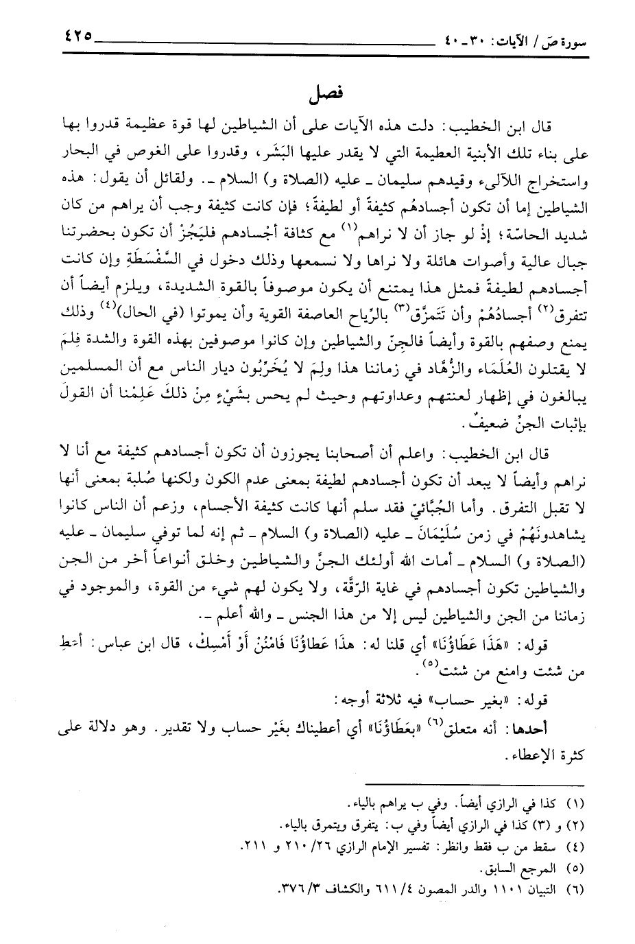 قال ابن الخطيب: دلت هذه الآية على أن الشياطين لها قولة عظيمة قدروا بها على بناء تلك الأبنية العطيمة التي لا يقدر عليها البَشَر، وقدروا على الغوص في البحار واستخراد الآلئ وقيدهم سليمان - عليه (الصلاة و) السلام -. ولقائل أن يوقل: هذه الشياطين إما أن تكون أجسادهُم كثيفةً أو لطيفةً؛ فإن كانت كثيفة وجب أن يراهم من كان شديد الحاسّة؛ إذْ لو جاز أن لا نراهم مع كثافة أجْسادهم فليَجُزْ أن تكون بحضرتنا جبال عالية وأصوات هائلة ولا نراها ولا نسمعها وذلك وذلك دخول في السَّفْسَطَةِ وإن كانت أجسادهم لطيفةً فمثل ها يمتنع أن يكون موصوفاً بالقوة الشديدة، ويلزم أيضاً أن تتفرق أجسادُهُمْ وأن تَتَمزَّق بالرِّياح العاصفة القوية وأن يموتوا (في الحال) وذلك يمنع وصفهم بالقوة وأيضاً فالجِنّ والشياطين وإن كانوا موصوفين بهذه القوة والشدة فِلَمَ لا يقتلون العُلَمَاء والزُّهَّاد في زماننا هذا ولِمَ لا يُخَرِّبُون ديار الناس مع أن المسلمين يبالغون في إظهار لعنتهم وعدواتهم وحيث لم يحس بشَيْءٍ مِنْ ذلكَ عَلِمْنَا أن القولَ بإثبات الجنِّ ضعيفٌ.
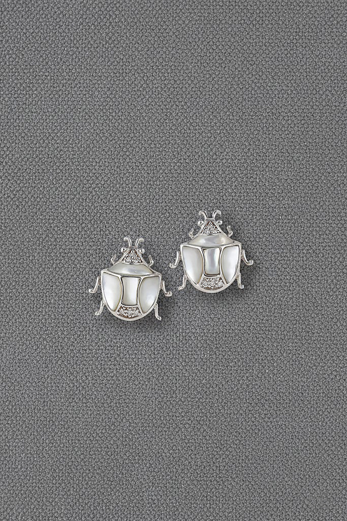 Bug designed earring post in 925 sterling silver, the cute and delicated pair inlaid by genuine stone.
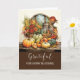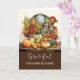 Den här tacksägelsekortet visar en fantastisk akvarellstilleben som fångar essensen av höstsäsongen. Pumpa, majs, zinnia och andra höstblommor står bredvid en rustik vas och lykta på ett trädgårdsbord framför ett mysigt fönster. De mjuka, naturliga färgerna inger värme och tacksamhet, vilket gör det till det perfekta kortet för att skicka hjärtliga tacksägelseönskningar. Med ett enkelt men meningsfullt budskap inuti är detta kort perfekt för alla du vill dela din tacksamhet med under den här speciella tiden på året. Perfekt för familj, vänner eller nära och kära nära och fjärran.
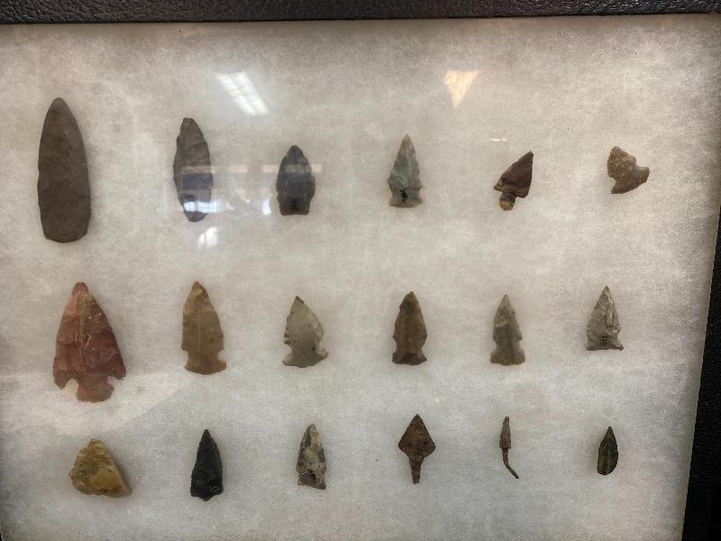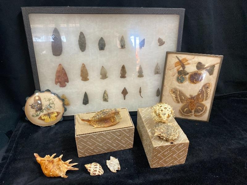 Framed Arrowheads, fossilized fish (fragile), and butterflies. Please see all pictures for condition of the items listed and what is included in the lot. Pictures will also show any measurements if taken and is the best representation of the items. Thank you for looking and have fun bidding! We appreciate Treasure Hunters!
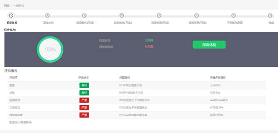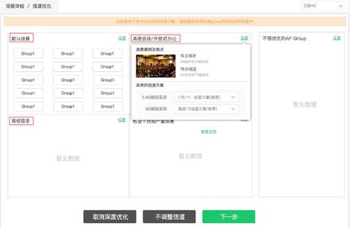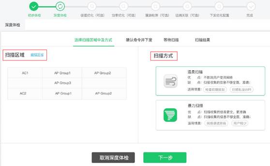 初步体检-> 深度体检->信道优化->功率优化->漫游粘滞->远端关联->下发优化配置->完成查看效果
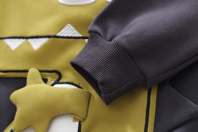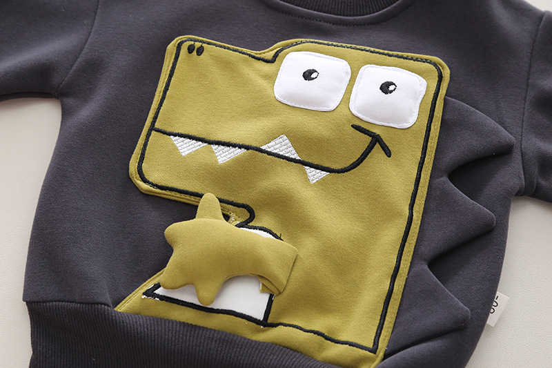 -Bluză din bumbac de înaltă calitate, de culoare negru. Model cu manșete elastice la talie și mâneci + accent în partea din față cu broderii și un efect 3D reprezentând un mic dinozaur.
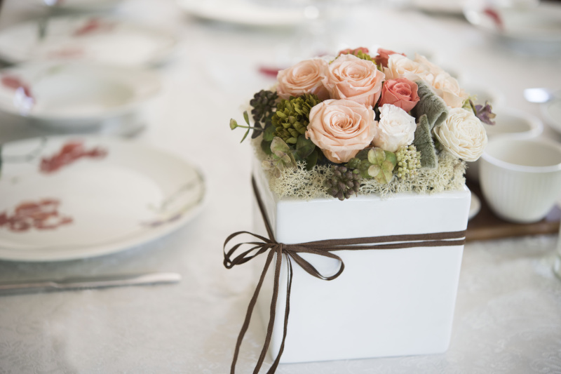 ブリザーブドフラワーは、花の美しい状態を長期間楽しめるアイテムです。両親の好きな花を使ったり、結婚式のテーマカラーに沿って作ったりと、様々なアレンジが可能です。
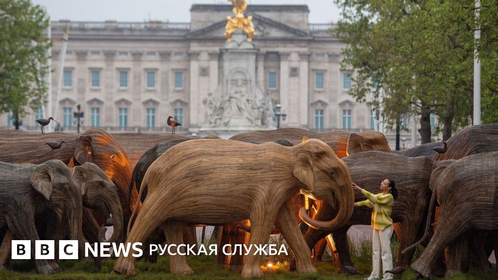 Слоны в Лондоне. Деревянное стадо пригнали к Букингемскому дворцу
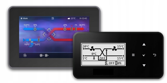 •плавно управляет работой приточных и вытяжных вентиляторов, обеспечивая высокую эффективность рекуперации тепла и воздухообмена в помещениях по программным расписаниям или ручному управлению
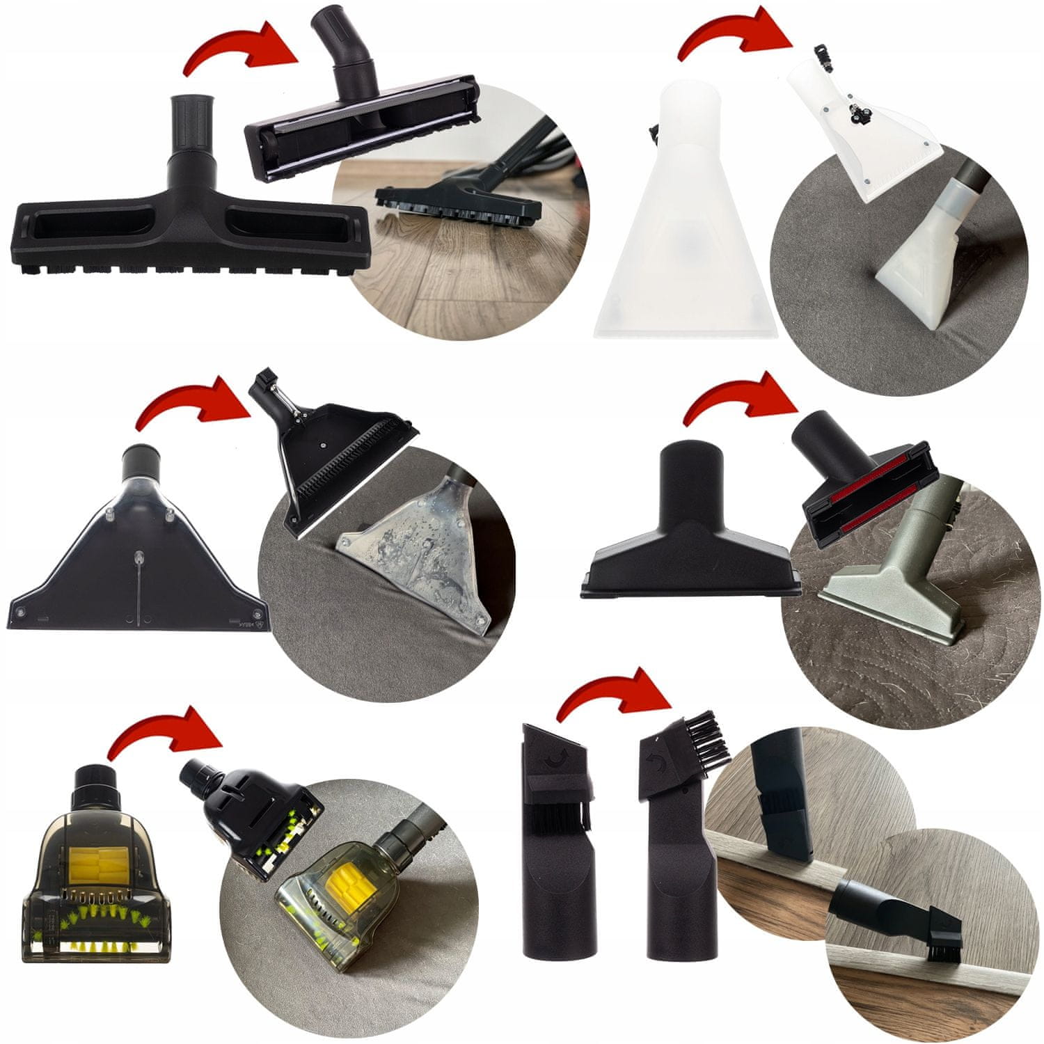 - KAKO RADI USISAVAČ? – ima sustav s dva spremnika. U jednu ulijte vodu i deterdžent, a druga se automatski puni korištenom i prljavom vodom. Posuda za deterdžent je zapremine 3,5 litara, a posuda za prljavu vodu nakon pranja 20 litara. U kompletu se nalazi 6 savjeta! Turbo vrh za čišćenje podova dizajniran je za čišćenje glatkih površina i tepiha, uklanjanje tvrdokorne prljavštine poput životinjske dlake zahvaljujući rotirajućem cilindru sa sintetičkim elementima za sakupljanje. Uska mlaznica s pomičnim vrhom savršena je, na primjer, za čišćenje kutova sofe, letvica, stropova i drugih kutova. Mali T-vrh, savršen za usisavanje tepiha, tepiha i tapeciranog namještaja. Mlaznica za čišćenje s raspršivačem vode, vrhom za prskanje i četkom za pod.
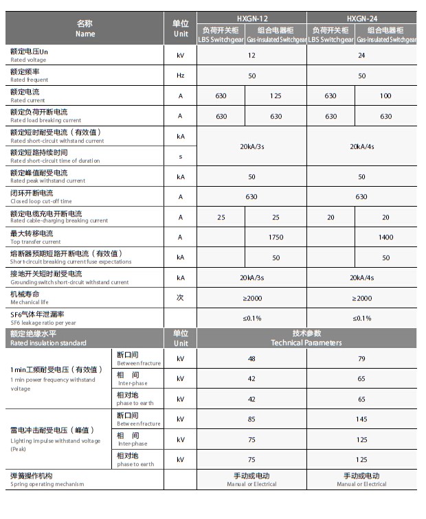 HXGN-12、HXGN-24系列单元式六氟化硫环网柜产品,是以六氟化硫三工位开关作为主隔离单元,而整柜母线系统采用空气绝缘的紧凑型环网柜产品,适用于电网配电设备重既紧凑又可扩充的金属封闭式开关设备,具有结构简单、操作灵活、连锁可靠、安装方便等特点,对各种不同的应用场合、不同的用户要求均能提供令人满意的技术方案。结合传感技术和最新保护继电器的采用,加上先进的技术性能及轻便灵活的装配方案,可以完全满足市场不断变化的需求。HXGN-12、HXGN-24型单元式六氟化硫环网柜以其优异的性价比,广泛应用于各类变电站使用场合。
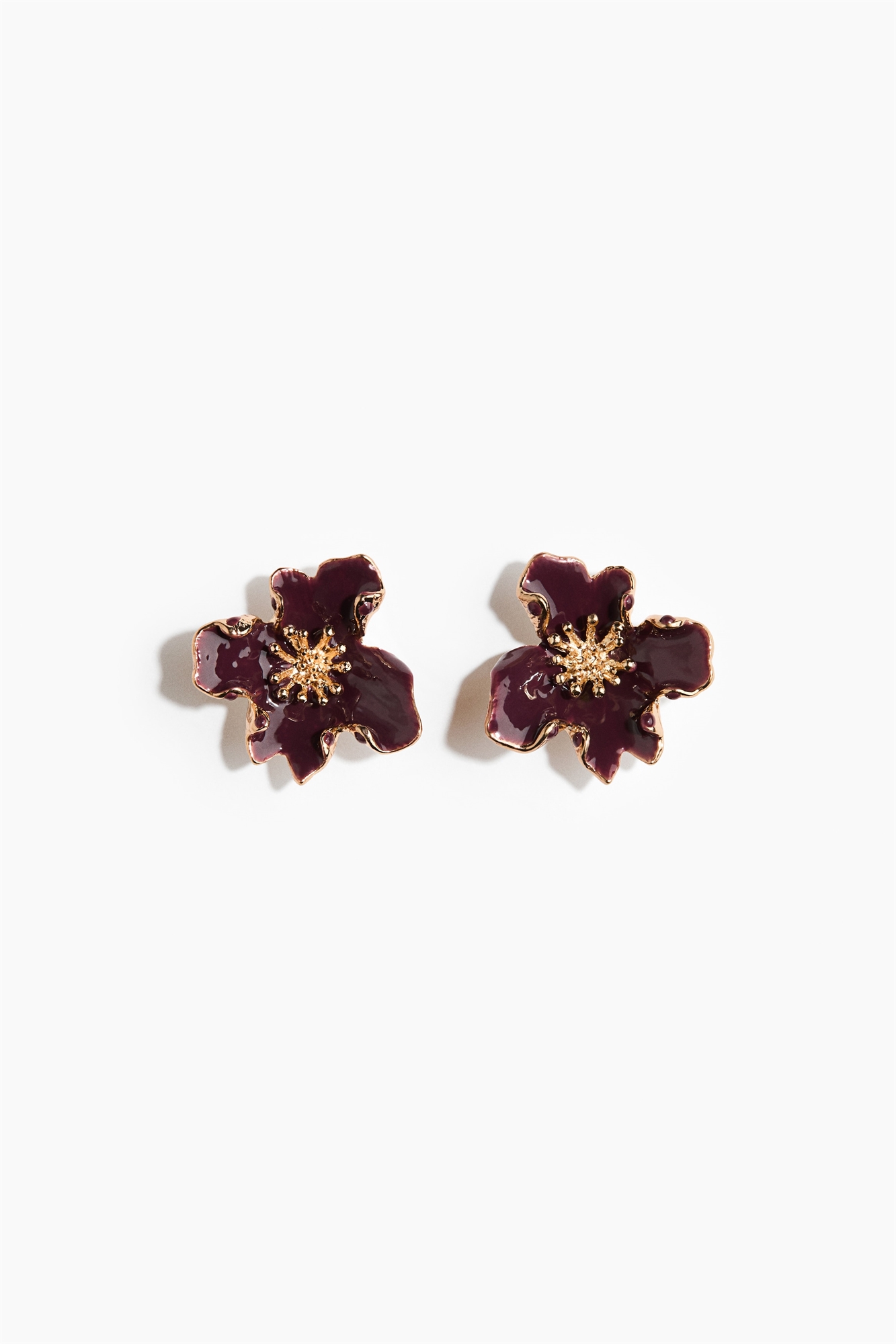 Металлические серьги в форме цветка с глянцевой эмалью.
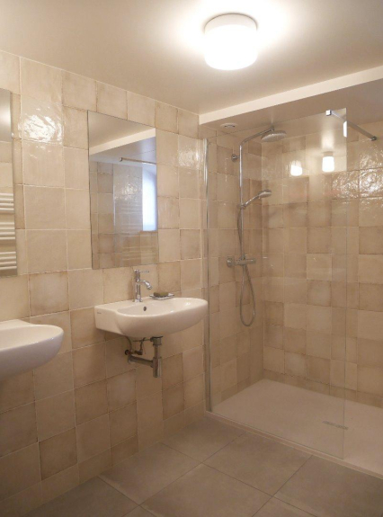 Im Obergeschoss befindet sich ein großes Badezimmer mit einer begehbaren Dusche.
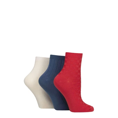Women's 3 Pair SOCKSHOP Plain and Patterned Bamboo Ankle Socks Textured Nautical 4 8
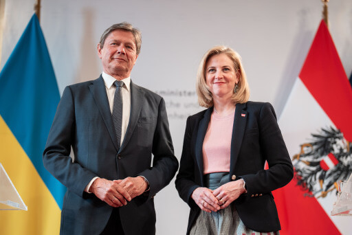 Meinl-Reisinger hatte die Ukraine zu einem ihrer Arbeitsschwerpunkte gemacht. Ihre zweite Auslandsreise im Amt der Außenministerin führte sie nach Kiew, wo sie u.a. Präsident Wolodymyr Selenskyj traf. Und sie machte den damaligen Botschafter in der Ukraine, Arad Benkö, zu ihrem Kabinettschef. Österreich unterstützte die Ukraine bisher mit mehr als rund 300 Millionen Euro an staatlicher finanzieller und humanitärer Hilfeleistung. Jetzt schon gibt es mit dem „Point of Contact” eine nationale Anlaufstelle für den Wiederaufbau des 2022 von Russland angegriffenen Landes.
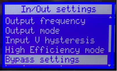 Press the ↓ button until Bypass settings is highlighted, then press the ⤶ button.
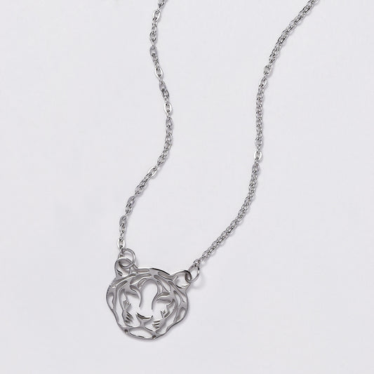 Stainless steel silver necklace with tiger pendant - SSYN4991
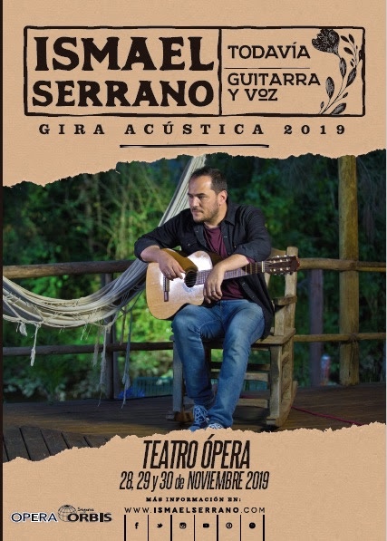 ISMAEL SERRANO presenta ¨Todavía¨, un show a guitarra y Voz en el Teatro Ópera Orbis los días jueves 28, viernes 29 y sábado 30 de Noviembre.
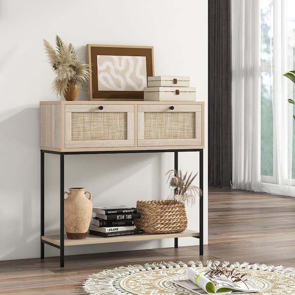 31.5 in. Oak Rectangle Wood Console Table with 2 Rattan Drawers, Open Storage Shelf Metal Legs
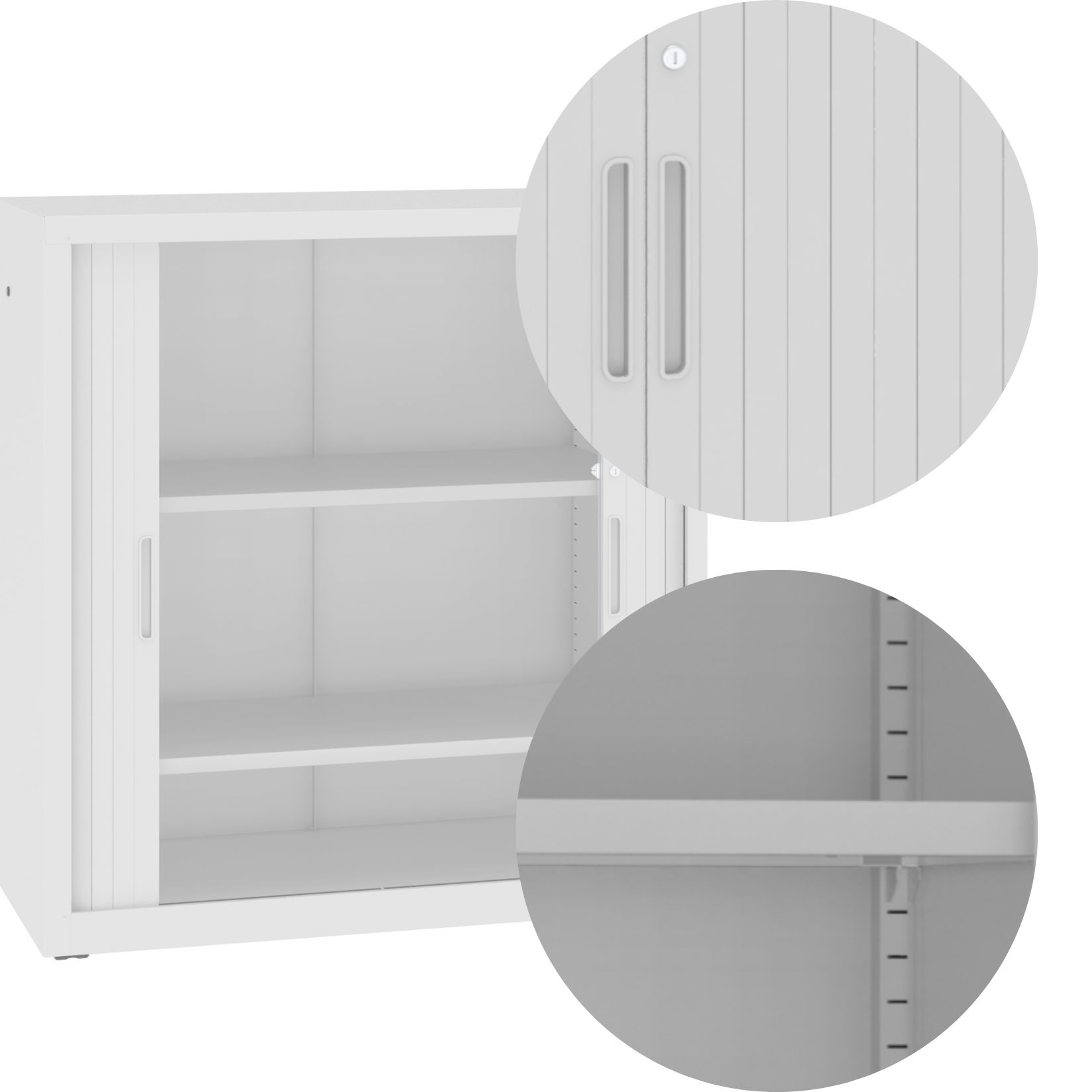 Warto zwrócić także uwagę na materiały, których użyto do wykonania mebla. To wysokiej klasy blacha stalowa oraz tworzywo PCV. Dzięki ich połączeniu szafa charakteryzuje się wyjątkową trwałością i odpornością, jak również wygodą użytkowania. Wykonane z tworzywa sztucznego drzwi przesuwne umożliwiają ustawienie szafy w niemal każdym miejscu, nawet w wyjątkowo niewielkim i ciasnym biurze. Uchwyt drzwiowy wyposażony został w zamek blokujący drzwi w 2 punkatch- góra i doł.

▶ _YOUR ASSIGNMENT_
Everything above from the line containing "ブリザーブドフラワーは、花の" down to the line containing "или ручному управлению" is to be duplicated exactly, both lines included, and the pictures are to be omitted.

▶ _WORKED SOLUTION_
 ブリザーブドフラワーは、花の美しい状態を長期間楽しめるアイテムです。両親の好きな花を使ったり、結婚式のテーマカラーに沿って作ったりと、様々なアレンジが可能です。
 Слоны в Лондоне. Деревянное стадо пригнали к Букингемскому дворцу
 •плавно управляет работой приточных и вытяжных вентиляторов, обеспечивая высокую эффективность рекуперации тепла и воздухообмена в помещениях по программным расписаниям или ручному управлению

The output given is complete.